9.3 Automatic Stabilizers: The Structural Balance and the Output Gap¶

Definition 9.1 (Automatic Stabilizer). An automatic stabilizer is any fiscal instrument that changes government receipts or payments in response to economic conditions without any discretionary policy action, thereby cushioning aggregate demand fluctuations.

The two most important automatic stabilizers are:

Proportional income taxes: when $Y$ falls, tax revenues $T = tY$ fall automatically, increasing disposable income and cushioning consumption.
Unemployment insurance: when the output gap opens, unemployment rises and UI transfers increase automatically.
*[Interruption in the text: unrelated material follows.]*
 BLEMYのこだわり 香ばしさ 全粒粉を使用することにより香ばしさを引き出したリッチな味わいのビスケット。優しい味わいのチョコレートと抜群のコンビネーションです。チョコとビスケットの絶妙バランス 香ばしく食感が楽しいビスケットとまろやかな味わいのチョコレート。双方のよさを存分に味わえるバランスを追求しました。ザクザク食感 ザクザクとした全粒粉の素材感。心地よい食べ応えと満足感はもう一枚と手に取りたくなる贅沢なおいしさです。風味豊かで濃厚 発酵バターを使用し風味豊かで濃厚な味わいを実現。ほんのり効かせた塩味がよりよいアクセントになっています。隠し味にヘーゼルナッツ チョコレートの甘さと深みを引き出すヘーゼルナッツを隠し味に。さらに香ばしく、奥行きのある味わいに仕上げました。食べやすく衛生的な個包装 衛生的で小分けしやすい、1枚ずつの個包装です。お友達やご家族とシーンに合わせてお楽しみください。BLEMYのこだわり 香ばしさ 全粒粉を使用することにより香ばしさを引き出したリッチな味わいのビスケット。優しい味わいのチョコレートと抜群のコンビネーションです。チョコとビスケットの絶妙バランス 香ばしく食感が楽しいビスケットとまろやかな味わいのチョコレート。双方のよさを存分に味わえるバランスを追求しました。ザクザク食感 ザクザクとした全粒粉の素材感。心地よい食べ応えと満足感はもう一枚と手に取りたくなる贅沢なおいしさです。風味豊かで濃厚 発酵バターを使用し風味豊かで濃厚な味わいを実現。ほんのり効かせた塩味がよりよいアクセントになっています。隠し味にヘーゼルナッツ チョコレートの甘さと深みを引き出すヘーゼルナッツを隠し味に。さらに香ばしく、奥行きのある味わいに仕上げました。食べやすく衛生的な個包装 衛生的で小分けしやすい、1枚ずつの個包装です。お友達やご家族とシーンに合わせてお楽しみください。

9.3.1 The Budget Semi-Elasticity¶

Definition 9.2 (Budget Semi-Elasticity). The budget semi-elasticity $\varepsilon^s$ measures how the primary surplus-to-GDP ratio responds to the output gap:

\varepsilon^s = \frac{\partial(S/Y)}{\partial\hat{x}},

(5)

where $S = T - G$ is the primary surplus and $\hat{x} = (Y-\bar{Y})/\bar{Y}$ is the output gap. For a simple model with $T = tY$ and $G$ fixed:

S = tY - G \implies S/Y = t - G/Y.

(6)

\frac{\partial(S/Y)}{\partial\hat{x}} = t + \frac{G}{\bar{Y}}\cdot\frac{\partial(1/y)}{\partial\hat{x}} \approx t,

(7)

so $\varepsilon^s \approx t$ for a proportional tax. For a more complete model including UI expenditure rising with unemployment:

\varepsilon^s = t - m_{UI}\psi,

(8)

where $m_{UI}$ is the UI replacement rate and $\psi$ is the Okun coefficient. Empirically, $\varepsilon^s \approx 0.4$ –0.6 for the U.S. and $\varepsilon^s \approx 0.5$ –0.7 for European economies with more generous UI systems.
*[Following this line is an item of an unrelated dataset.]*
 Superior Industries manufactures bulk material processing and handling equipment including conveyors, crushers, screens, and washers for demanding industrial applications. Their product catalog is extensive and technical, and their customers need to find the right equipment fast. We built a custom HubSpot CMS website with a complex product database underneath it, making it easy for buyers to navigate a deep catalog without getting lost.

9.3.2 The Cyclically Adjusted Primary Surplus¶

The cyclically adjusted primary surplus $\hat{s}$ strips out the automatic stabilizer response:

\hat{s}_t = \frac{S_t}{Y_t} - \varepsilon^s\hat{x}_t = \frac{S_t}{Y_t} - \varepsilon^s\frac{Y_t - \bar{Y}_t}{\bar{Y}_t}.

(9)

Changes in $\hat{s}$ represent discretionary fiscal policy (changes in spending programs or tax rates beyond what automatic stabilizers imply); changes in $S_t/Y_t - \hat{s}_t = \varepsilon^s\hat{x}_t$ represent automatic stabilizer responses.

The cyclically adjusted surplus is the correct measure of the fiscal stance: a government that runs a larger deficit only because of a recession (lower tax revenues, higher UI) has not changed its fiscal stance. Only $\Delta\hat{s}$ represents a discretionary policy change.

Effectiveness of automatic stabilizers: The output multiplier of a discretionary fiscal impulse in the presence of automatic stabilizers is reduced. Define the stabilized multiplier:

\mu_G^{stabilized} = \frac{1}{1-b(1-t)(1-\varepsilon^s/t)} \approx \frac{1}{1-b(1-t)}.

(10)

For a country with $b = 0.75$ , $t = 0.30$ : $\kappa_G^{prop} = 1/(1-0.525) = 2.11$ . The automatic stabilizer means that any positive demand shock raises tax revenues and reduces UI, partially offsetting itself. This is captured by the effective MPC in the denominator.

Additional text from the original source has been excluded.